Here, u indicates the initial velocity of the beetle, v the final velocity, a the beetle's acceleration, and s the distance covered.

The values used are 0 m/s for u, 400 g for a, 9.8 m/s² for g, and 0.52 × 10⁻² m for s.

$v^2=u^2+2as\\ = (0 m/s)^2+2 (400)(9.8 m/s^2)(0.52*10^-^2 m)\\ =40.768 (m/s)^2\\ v=6.385 m/s$

The resulting launch speed of the beetle is 6.4 m/s.

(b) To calculate the time t needed for the beetle's upward launch, use the motion equation:

$v=u+at$

Substituting 0 m/s for u, 400 g for a, 9.8 m/s² for g, and 6.385 m/s for v provides:

$v=u+at\\ 6.385 m/s = (0 m/s) +400(9.8 m/s^2)t\\ t = \frac{6.385 m/s}{3920 m/s^2} = 1.63*10^-^3s=1.63 ms$

The beetle takes 1.62 ms to launch itself.

(c) Upon launching, the beetle is subject to gravitational force, drawing it downward with an acceleration matching gravity g.

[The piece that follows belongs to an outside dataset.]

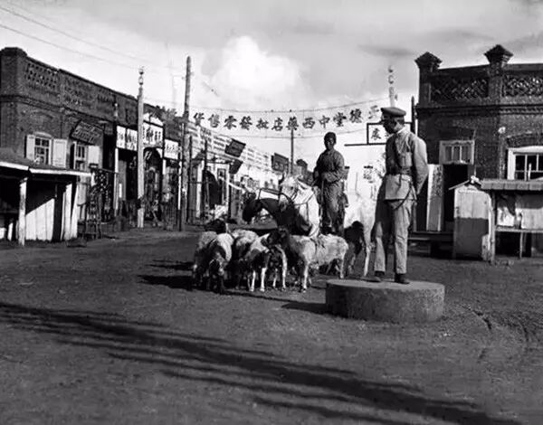 1947年,陝西臨潼縣,城市裁判官站在判決大廳前。
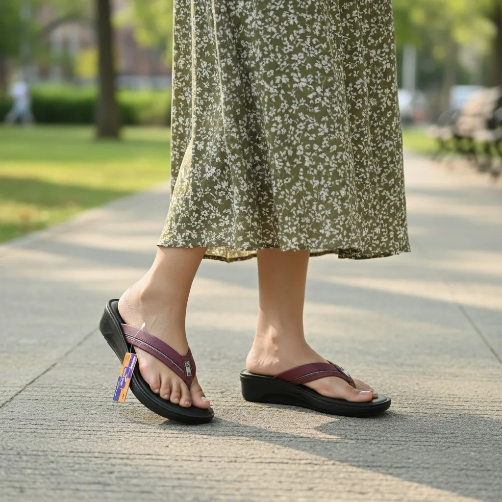 These wedge-style flip-flops are designed for the modern woman who refuses to sacrifice comfort for style. Featuring a deep maroon/burgundy strap with elegant metallic detailing, these sandals transition perfectly from a casual day at the park to a relaxed evening out. The “Soft Feel” technology and cushioned footbed provide all-day support, while the slight wedge heel offers a gentle lift that complements everything from floral dresses to everyday denim. ✨

Its ascent speed decreases until it reaches zero at the peak height.

Use the equation of motion:

$v^2=u^2+2as$

Inputting 6.385 m/s for u, -9.8 m/s² for g, and 0 m/s for v yields:

$v^2=u^2+2as\\ (0m/s)^2=(6.385 m/s)^2+2(-9.8m/s^2)s\\ s=\frac{(6.385 m/s)^2}{2(9.8m/s^2)} =2.08 m$

The beetle reaches a height of 2.1 m.